*Task inputs*
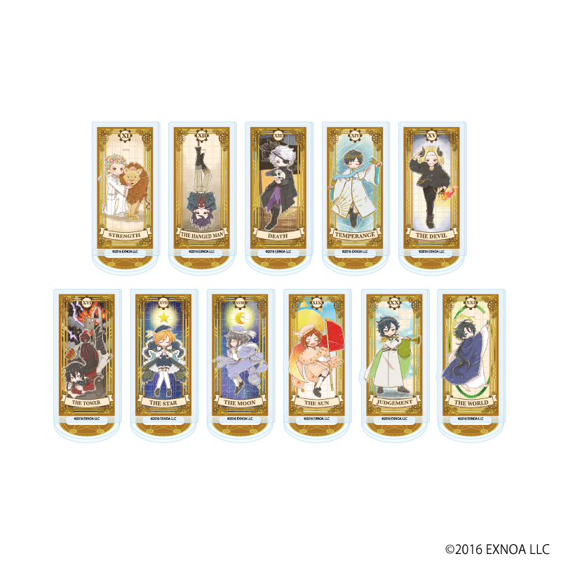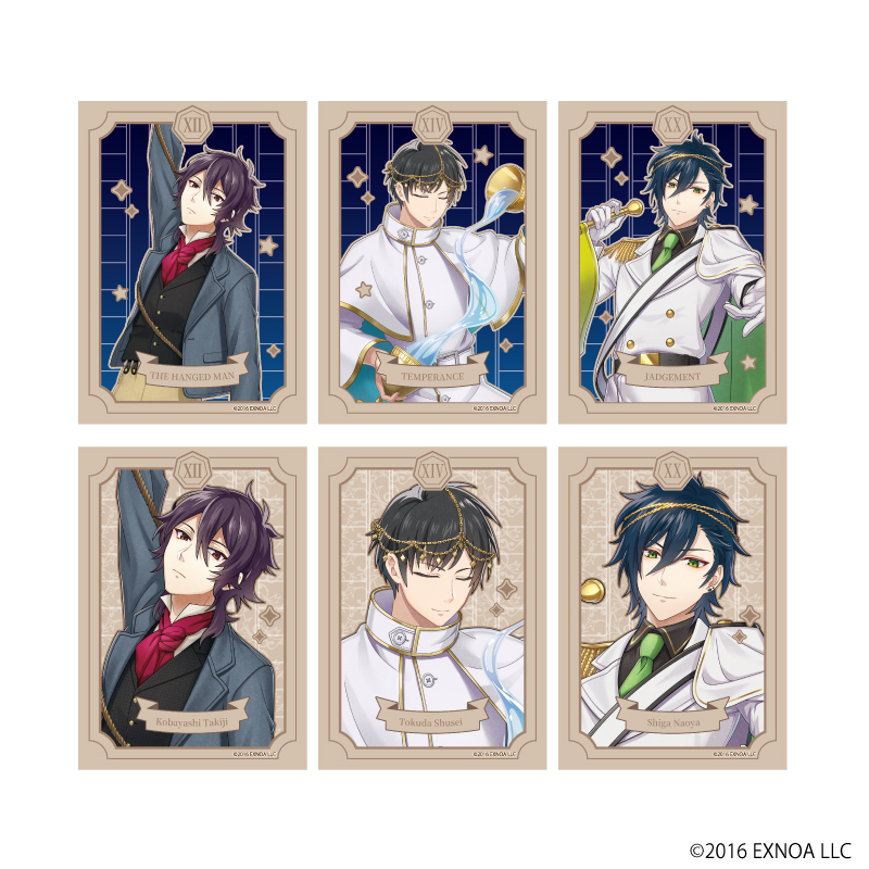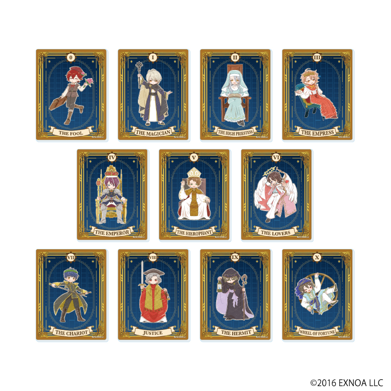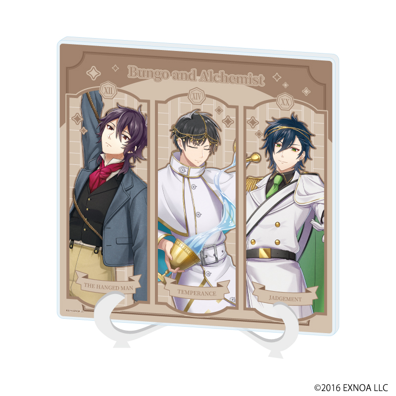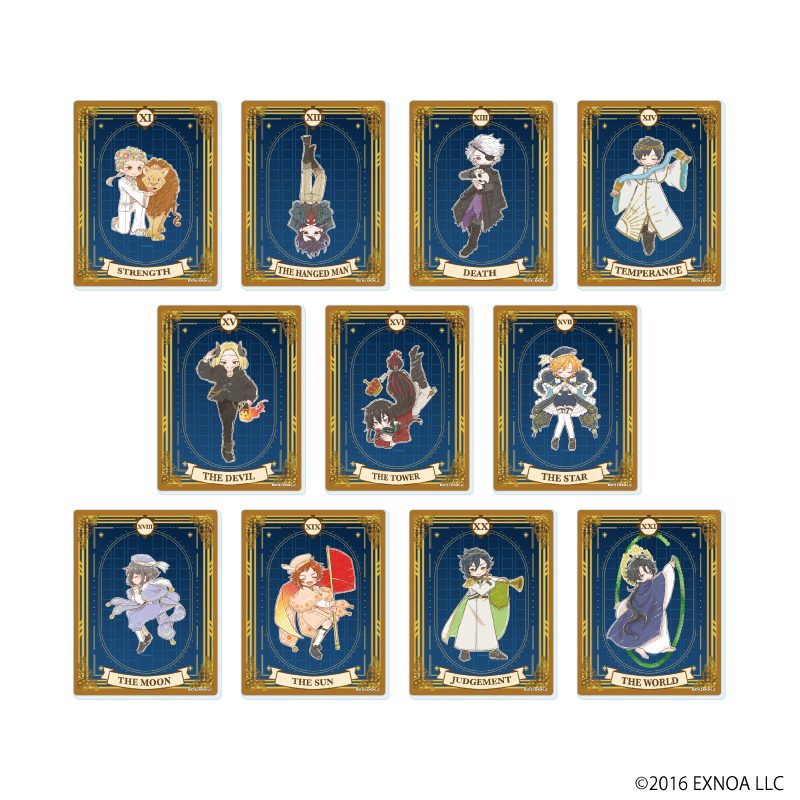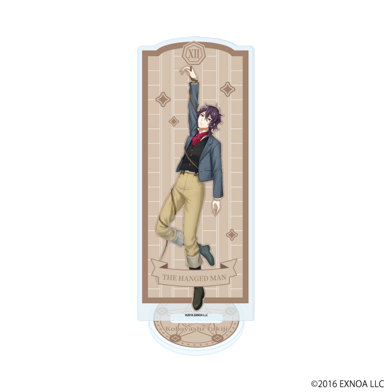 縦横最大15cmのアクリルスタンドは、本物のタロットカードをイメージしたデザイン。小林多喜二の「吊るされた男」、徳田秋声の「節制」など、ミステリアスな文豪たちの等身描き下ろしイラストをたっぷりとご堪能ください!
--
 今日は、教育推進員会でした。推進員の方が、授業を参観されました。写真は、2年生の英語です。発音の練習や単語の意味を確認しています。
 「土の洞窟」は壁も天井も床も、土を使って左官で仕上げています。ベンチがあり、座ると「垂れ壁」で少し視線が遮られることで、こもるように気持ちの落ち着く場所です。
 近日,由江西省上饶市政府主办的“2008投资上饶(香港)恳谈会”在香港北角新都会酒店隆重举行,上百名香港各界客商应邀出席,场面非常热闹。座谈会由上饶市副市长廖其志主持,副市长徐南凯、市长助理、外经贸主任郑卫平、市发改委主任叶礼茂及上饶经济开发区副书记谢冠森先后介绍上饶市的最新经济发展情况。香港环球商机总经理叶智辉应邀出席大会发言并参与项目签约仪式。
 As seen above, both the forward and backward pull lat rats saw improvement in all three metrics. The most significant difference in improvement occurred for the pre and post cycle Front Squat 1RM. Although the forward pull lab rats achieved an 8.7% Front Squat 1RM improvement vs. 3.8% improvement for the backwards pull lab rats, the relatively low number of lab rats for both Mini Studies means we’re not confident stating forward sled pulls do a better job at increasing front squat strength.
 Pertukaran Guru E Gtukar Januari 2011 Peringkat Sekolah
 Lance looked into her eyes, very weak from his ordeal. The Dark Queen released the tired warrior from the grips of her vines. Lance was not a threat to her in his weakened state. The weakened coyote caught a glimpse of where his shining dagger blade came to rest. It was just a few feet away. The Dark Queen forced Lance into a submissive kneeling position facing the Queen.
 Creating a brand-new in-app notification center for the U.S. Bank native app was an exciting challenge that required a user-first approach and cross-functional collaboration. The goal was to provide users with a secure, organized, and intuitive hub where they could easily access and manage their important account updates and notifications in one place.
* * *
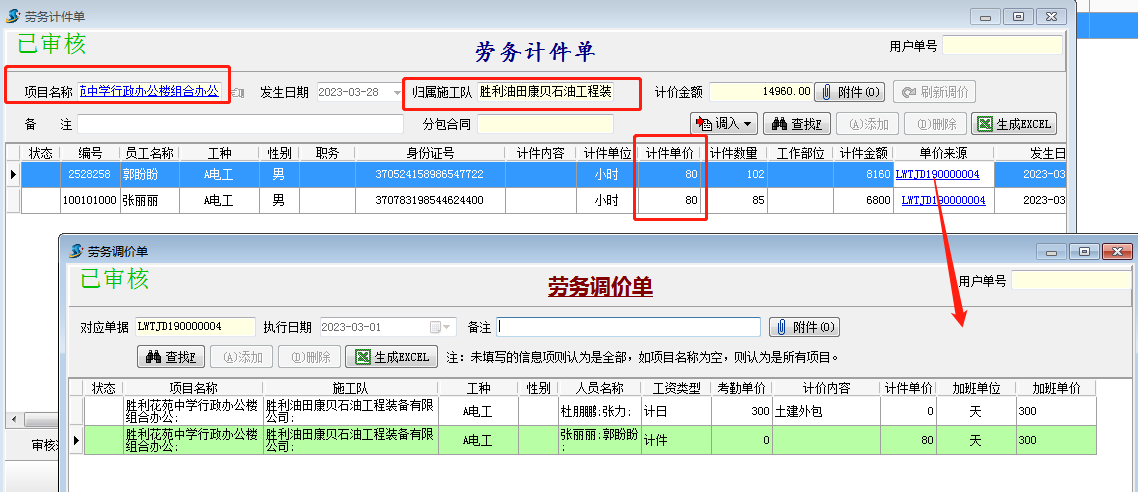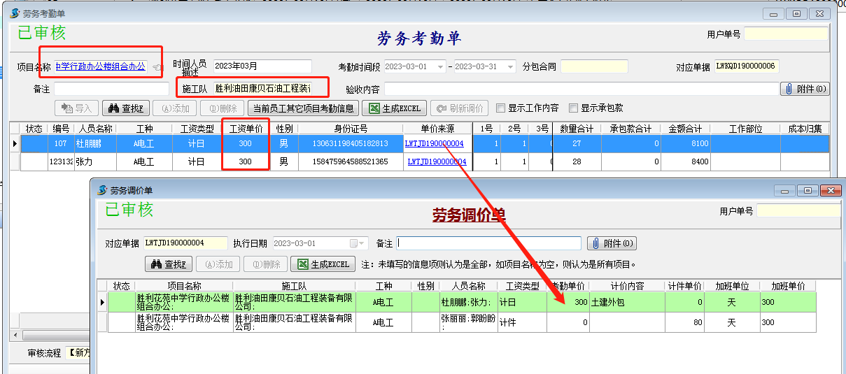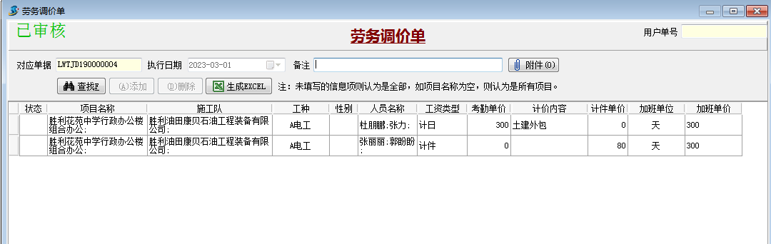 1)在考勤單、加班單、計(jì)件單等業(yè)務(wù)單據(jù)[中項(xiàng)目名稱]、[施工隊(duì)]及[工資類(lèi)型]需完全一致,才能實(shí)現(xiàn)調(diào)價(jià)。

*What to produce*
From the records above, give again exactly the lines running from the line with "今日は、教育推進員会でした。" to the line with "近日,由江西省上饶市政府主办", inclusive.

*Solution to this problem*
 今日は、教育推進員会でした。推進員の方が、授業を参観されました。写真は、2年生の英語です。発音の練習や単語の意味を確認しています。
 「土の洞窟」は壁も天井も床も、土を使って左官で仕上げています。ベンチがあり、座ると「垂れ壁」で少し視線が遮られることで、こもるように気持ちの落ち着く場所です。
 近日,由江西省上饶市政府主办的“2008投资上饶(香港)恳谈会”在香港北角新都会酒店隆重举行,上百名香港各界客商应邀出席,场面非常热闹。座谈会由上饶市副市长廖其志主持,副市长徐南凯、市长助理、外经贸主任郑卫平、市发改委主任叶礼茂及上饶经济开发区副书记谢冠森先后介绍上饶市的最新经济发展情况。香港环球商机总经理叶智辉应邀出席大会发言并参与项目签约仪式。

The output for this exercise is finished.